# Slidell Mayor Vetoes Contract with Acadian Ambulance



## NolaRabbit (Feb 5, 2009)

This was mentioned not too long ago, but as a recap: Slidell is a suburban city north of New Orleans. Acadian Ambulance bought out its local competition, Lifeguard Ambulance, a few years ago and is now the sole 911 provider for the city.



> Mayor Ben Morris is working with Acadian Ambulance to ensure that the company will remain in Slidell should another devastating storm make a beeline for the city.
> 
> The Slidell City Council approved a one-year contract with Acadian in December to provide emergency and nonemergency services as the city's sole ambulance provider.

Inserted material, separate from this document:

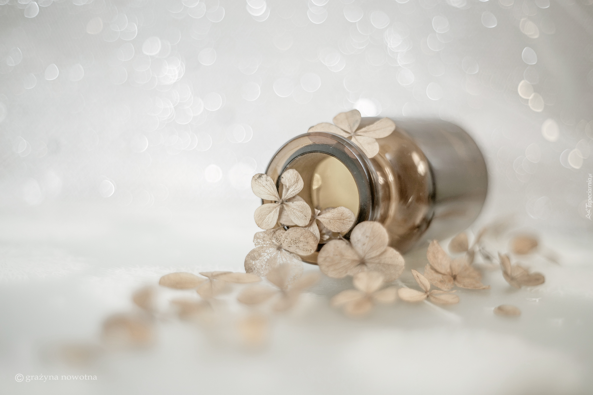 Edytor tapety: Suche kwiatuszki hortensji obok buteleczki

However, Morris refused to sign the agreement, saying Friday that it didn't contain several essential elements to make sure the city and its citizens would be protected.

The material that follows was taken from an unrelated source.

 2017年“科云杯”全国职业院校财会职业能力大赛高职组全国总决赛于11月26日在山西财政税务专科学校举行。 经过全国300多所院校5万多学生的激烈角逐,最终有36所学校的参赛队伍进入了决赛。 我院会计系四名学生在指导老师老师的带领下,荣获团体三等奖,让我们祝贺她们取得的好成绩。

Read the entire article here.



> The earlier contract contained a clause stipulating that Acadian would not have to be present in Slidell in the event of an act of God, an act of war, a riot, an accident, a flood or sabotage, to name a few excused absences.
> 
> Morris also has added a stipulation that allows the city to fine Acadian $25,000 should it elect to leave Slidell during a storm.
> 
> ...



What is your area's policy regarding your presence during disasters, either natural or manmade? Do you think it should be a requirement that you stay and render care, or do you feel that you can do your job better by returning after the danger is over? I am curious to hear your opinions.


----------



## artman17847 (Feb 5, 2009)

confused??? I thought that's what we do, HELP people in time's of trouble. While they were leaving our state was sending EMS strike teams to help out.


----------



## JPINFV (Feb 5, 2009)

A damaged or destroyed ambulance does nothing to help it's citizens.


----------



## stephenrb81 (Feb 5, 2009)

JPINFV said:


> A damaged or destroyed ambulance does nothing to help it's citizens.



Agree'd

Remember "BSI....Is My Scene Safe".........stage outside the impact zone but close enough so you can immediately provide service

Now if someone is contracted to provide services to an area, it *should* make 'every attempt' to remain there but JPINFV spoke my thoughts.....An ambulance floating down a river serves no use to anyone


----------



## vquintessence (Feb 6, 2009)

Yeah agree with JP and Stephen, leave until said dangers are over, then help, when you actually can in a safe manner.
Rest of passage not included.